MLB owners, players kick off key week of negotiations with lengthy meeting

The players’ contingent, led by Bruce Meyer (left) and Tony Clark (2nd from left) arrives in Florida Monday. (Ron Blum/AP)

After months of hand wringing, impatient frustration, and endless pleas to figure this thing out, Major League Baseball and its players finally got together on Monday for a long afternoon of tangible discussion.

Convening in Jupiter, FL, a group of active players and union boss Tony Clark were inside Roger Dean Stadium with MLB’s contingent for over five hours. Three Mets (Max Scherzer, Francisco Lindor and Brandon Nimmo), a Yankee (Jameson Taillon) and other former All-Stars (Paul Goldschmidt, Whit Merrifield and Sonny Gray) were part of the negotiations.

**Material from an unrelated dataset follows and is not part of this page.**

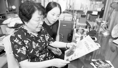 图为林月婵(左)展示扶贫杂志刊登的她当年在宁夏西海固扶贫考察时,与当地回族妇女亲切交谈的照片。

While the sides did not spend the entire time talking in the same room, the fact that they were physically in the same building for such a long time is certainly noteworthy. According to reports, the players and the league engaged in separate caucusing for about three hours.

Clark’s presence signals a shift in the tides, as he was not in attendance for any of the previous meetings in Midtown. Clark held a pre-meeting with the players in the stadium’s parking lot before they went in for the real deal, per Chelsea Janes of the Washington Post.

Rockies owner Dick Monfort — who is also chair of the labor committee — helped lead the MLB side of negotiations. Former labor chair and current Padres owner Ron Fowler was also on hand. Other representatives from the league side spotted at the meeting, per reports, were deputy commissioner Dan Halem, executive vice president of baseball operations Morgan Sword and senior vice president Patrick Houlihan.

After about an hour and ten minutes (far longer than the 15-minute speedrun Thursday in Manhattan) both sides took a break. When talks resumed, the league bumped its proposed pre-arbitration bonus pool to $20 million. This pool, which would be divided up between young players that have outperformed their contracts, was pitched by the players in the early days of negotiations. The league agreed to the idea in late January but they remain on a very different page than the players when it comes to the dollar amount. MLB wants the pool to be $20 million for 30 players. The players, reportedly, have been thinking something closer to $115 million, which would go to 150 players.

As for tanking reforms, the league is said to have proposed a draft lottery to determine the top four picks. The players, who have been very outspoken against teams that are flagrantly not trying to win, want to see that go up to the first eight picks, per The Athletic. There were no revisions made to the competitive balance tax on Monday, which remains a major hurdle in actually getting a deal done.

The week (a week that both sides came into with the plan to meet every day) beginning with such time-intensive deliberations is, at the very least, a sign that urgency has increased. The league and the union plan to meet again on Tuesday, which is the least we can ask for at this point.